§ **Work required**: Reproduce, exactly and only, the lines of the data that follows from the one containing "Célestial Black Save" down to the one containing "Свитшот удлиненный женский", without pictures.

§ **The input**:
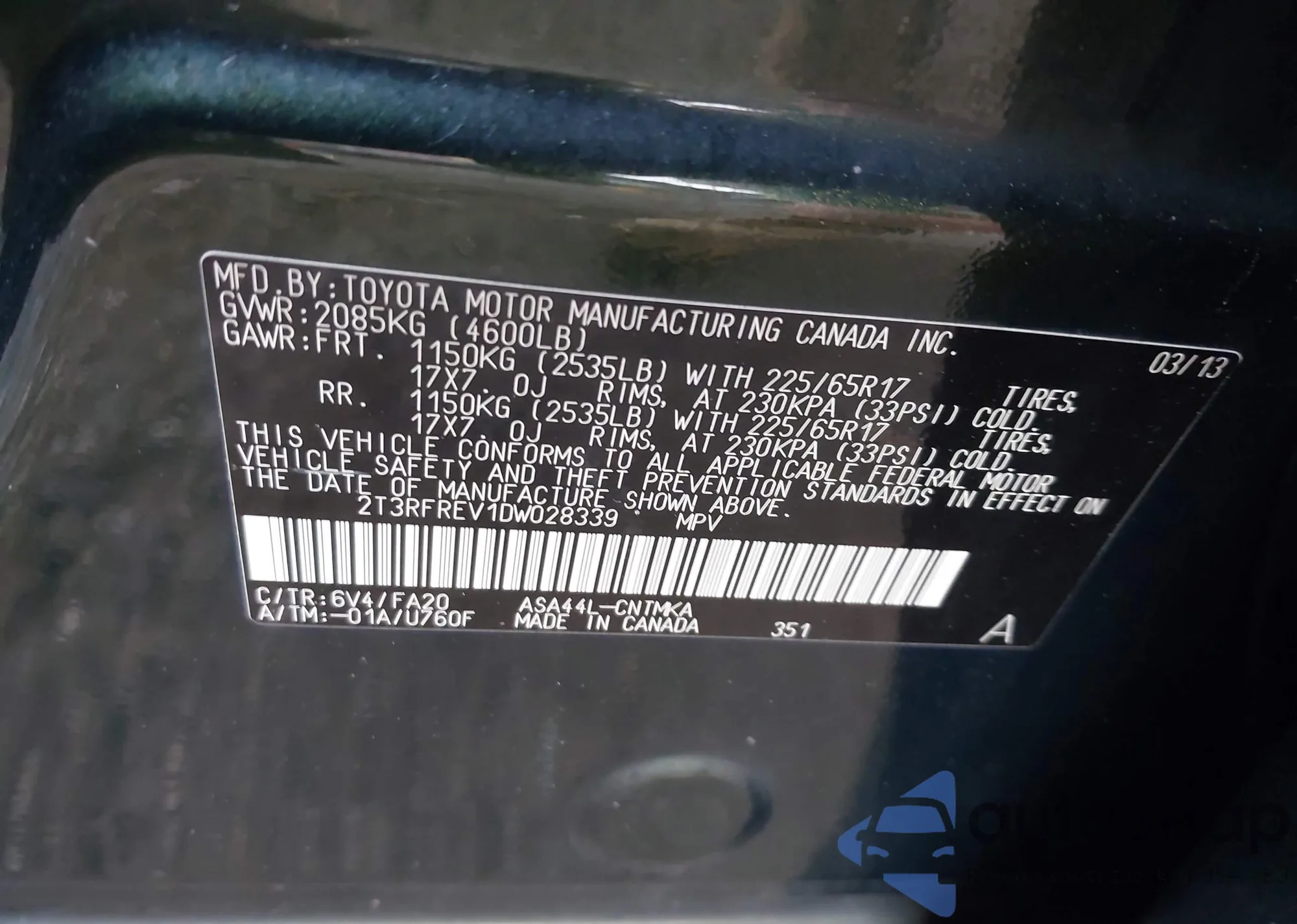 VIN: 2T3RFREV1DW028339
--
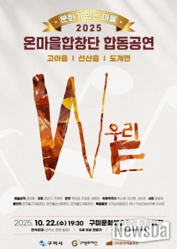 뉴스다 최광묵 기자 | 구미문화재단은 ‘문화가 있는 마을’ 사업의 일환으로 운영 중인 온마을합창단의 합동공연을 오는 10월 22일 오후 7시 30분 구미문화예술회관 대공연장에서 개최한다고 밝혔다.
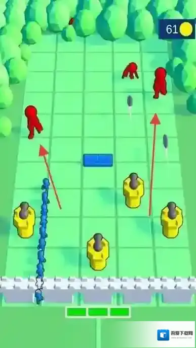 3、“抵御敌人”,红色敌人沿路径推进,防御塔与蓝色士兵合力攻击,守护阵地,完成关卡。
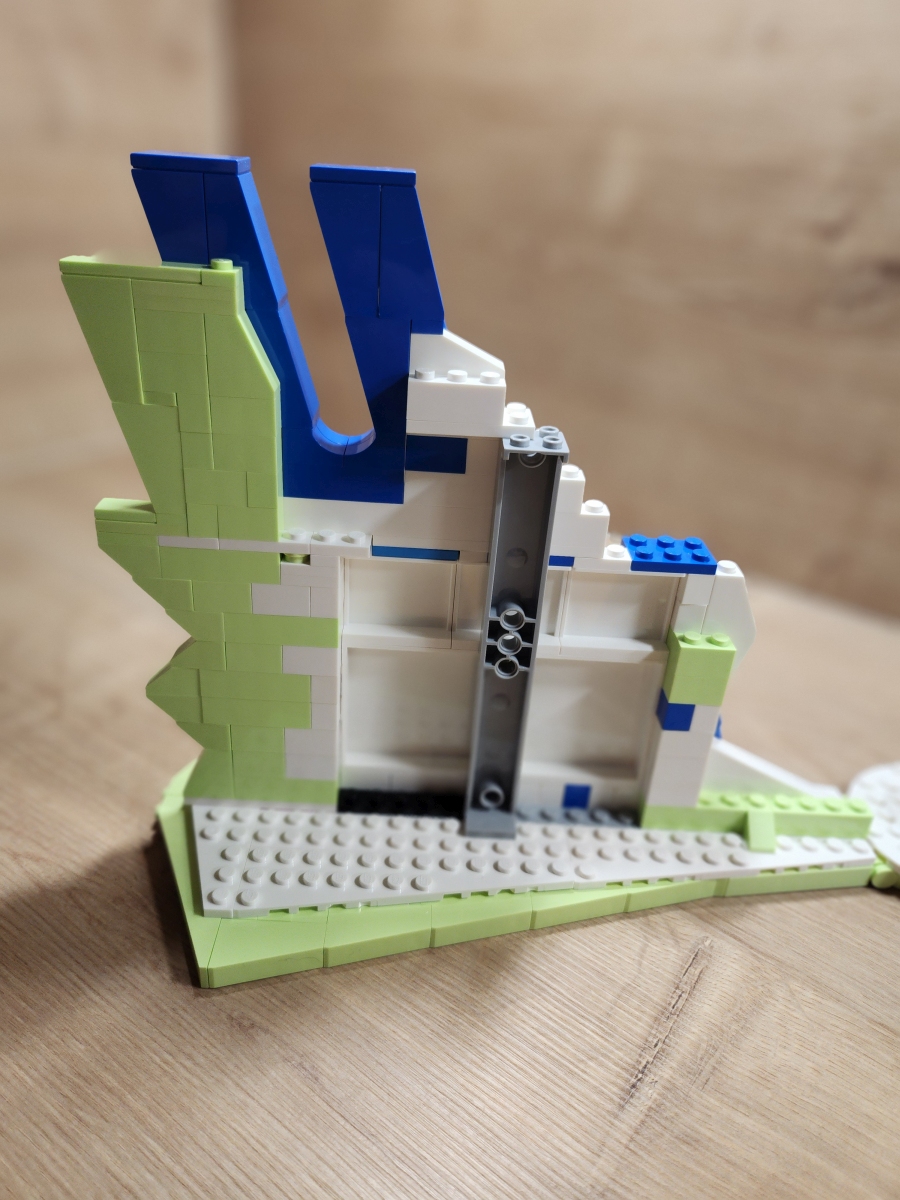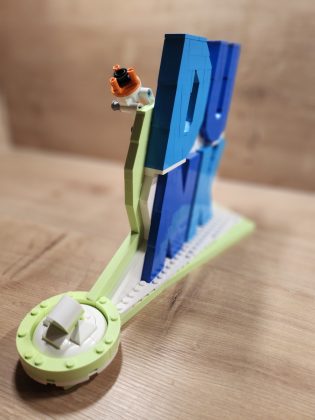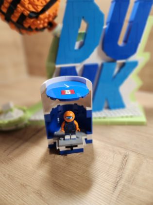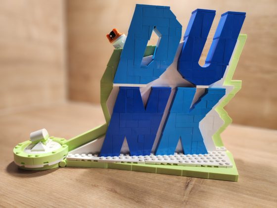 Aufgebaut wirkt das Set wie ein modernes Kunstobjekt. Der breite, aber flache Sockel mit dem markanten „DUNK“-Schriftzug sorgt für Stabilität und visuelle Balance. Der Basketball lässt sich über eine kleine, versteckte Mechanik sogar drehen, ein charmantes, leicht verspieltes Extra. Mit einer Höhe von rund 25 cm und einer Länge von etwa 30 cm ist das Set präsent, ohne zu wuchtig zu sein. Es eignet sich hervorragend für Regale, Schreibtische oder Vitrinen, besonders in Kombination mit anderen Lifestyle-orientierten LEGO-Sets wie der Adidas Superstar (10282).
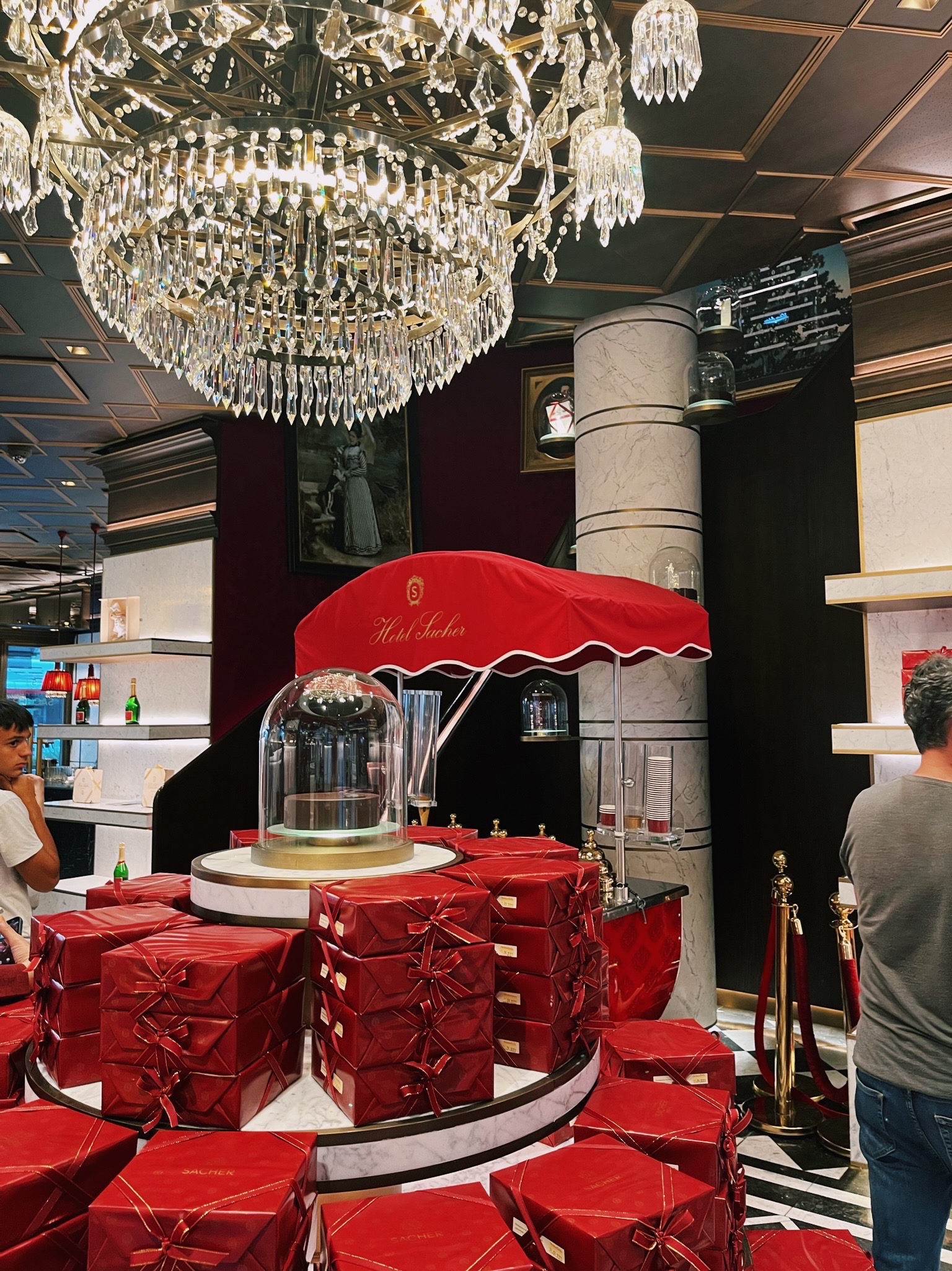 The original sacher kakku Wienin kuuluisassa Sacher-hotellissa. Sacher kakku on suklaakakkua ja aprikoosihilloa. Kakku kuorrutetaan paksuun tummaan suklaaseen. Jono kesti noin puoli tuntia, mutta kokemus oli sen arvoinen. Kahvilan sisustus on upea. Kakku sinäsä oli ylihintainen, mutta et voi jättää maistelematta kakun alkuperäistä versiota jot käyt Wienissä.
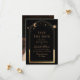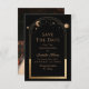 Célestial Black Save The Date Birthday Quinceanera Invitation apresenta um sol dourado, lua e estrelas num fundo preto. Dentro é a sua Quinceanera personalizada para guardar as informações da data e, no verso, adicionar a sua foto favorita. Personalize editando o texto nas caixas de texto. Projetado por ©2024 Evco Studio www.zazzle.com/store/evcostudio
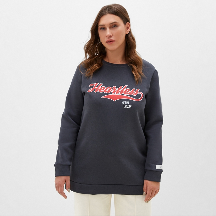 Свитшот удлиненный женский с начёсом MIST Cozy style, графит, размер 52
==
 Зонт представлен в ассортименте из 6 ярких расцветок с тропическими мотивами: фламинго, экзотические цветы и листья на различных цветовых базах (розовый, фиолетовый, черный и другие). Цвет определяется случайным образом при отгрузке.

§ **Task output**:
 Célestial Black Save The Date Birthday Quinceanera Invitation apresenta um sol dourado, lua e estrelas num fundo preto. Dentro é a sua Quinceanera personalizada para guardar as informações da data e, no verso, adicionar a sua foto favorita. Personalize editando o texto nas caixas de texto. Projetado por ©2024 Evco Studio www.zazzle.com/store/evcostudio
 Свитшот удлиненный женский с начёсом MIST Cozy style, графит, размер 52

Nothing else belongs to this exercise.